Play enough John Lennon-composed songs -- within The Beatles or without them -- and sooner or later you will run into an augmented chord. It's unfortunate, too, because augmented chords are knotty messes for guitarists. There's never a clean way to voice them and get a "full" sound, mostly because augmented chords are simple three-note constructions. Give me a diminished or a diminished-seventh chord any day over an augmented chord.

But back to John Lennon.

Right at the start of their recording career, The Beatles released "Ask Me Why" as the b-side to their second single, "Please Please Me", and there it is: a Lennon augmented chord.
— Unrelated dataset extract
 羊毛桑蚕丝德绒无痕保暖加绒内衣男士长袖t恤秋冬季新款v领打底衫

You can hear it in the transition to the bridge, after the words "you're the only love that I've ever had" and before "I can't believe," as the progression moves from the I chord to the I+ chord.

You'll find it again in songs like "It's Only Love", where he uses a V-to-V+ transition at the end each phrase of the verses: "my oh my," "butterflies," "every night," and "very bright."
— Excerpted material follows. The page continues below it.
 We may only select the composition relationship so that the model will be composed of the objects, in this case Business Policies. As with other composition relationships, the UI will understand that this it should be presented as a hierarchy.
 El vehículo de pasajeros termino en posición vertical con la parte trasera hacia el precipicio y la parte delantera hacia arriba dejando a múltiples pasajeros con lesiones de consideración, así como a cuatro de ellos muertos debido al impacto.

But in particular, John seemed to like to use the G augmented chord. He used it very early on, in The Beatles' hit single "From Me to You" -- listen closely as they sing "and keep you satis-fied, wooo!" and you'll hear that G-to-G-augmented movement. You can hear that chord again in "Being For the Benefit of Mr. Kite" during the first phrase of the verses: "for the benefit of Mr. Kite", "the Hendersons will all be there," etc.

In "Real Love", John found a way to use the G augmented chord within the key of E major, which is no easy task. Beginning with a simple progression of I-iii-vi (the same progression he uses to open "Across the Universe", "A Day in the Life", and "Anytime at All" to name a few), he turns to the augmented chord on the lyric "lost like some forgotten dream" -- it's a very different effect in this context than when he uses the exact same chord in "From Me to You", "Mr. Kite", or elsewhere.
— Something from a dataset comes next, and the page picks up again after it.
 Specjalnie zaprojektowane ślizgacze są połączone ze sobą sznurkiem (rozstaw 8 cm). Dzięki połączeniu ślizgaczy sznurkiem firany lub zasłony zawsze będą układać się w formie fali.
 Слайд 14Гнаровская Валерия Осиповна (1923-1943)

But getting back to The Beatles' canon proper, there are two songs in which John uses this same augmented chord in the same key as "Real Love", in almost exactly the same way.

It Won't Be Long

First, consider this early-penned composition, found on The Beatles' second studio album, With The Beatles. In the bridge of the song -- "since you left me, I'm so alone" -- John uses this interesting chromatic progression to work his way to a target chord of VI7, and he gets there by way of that G augmented chord:

The bass line simply moves chromatically down the scale -- 1-7-b7-6 -- but the chords that John uses to fill in the space around that descending line are very interesting choices.

And Your Bird Can Sing

By comparison, consider the chord progression from this Revolver track, recorded less than three years after "It Won't Be Long" and certainly with a different groove. Once again, John uses the augmented chord in the midst of chromatically descending line, and just as in "It Won't Be Long", he moves towards a target VI7 chord to end the phrase:

While this chord progression begins at a different starting point than "It Won't Be Long" (the iii chord as opposed to the tonic chord), the movements are incredibly similar and end up arriving at the same destination.


  1. A great article, I'm surprised there aren't any comments. Thank you! I've been noticing John's usage of this chord for a while.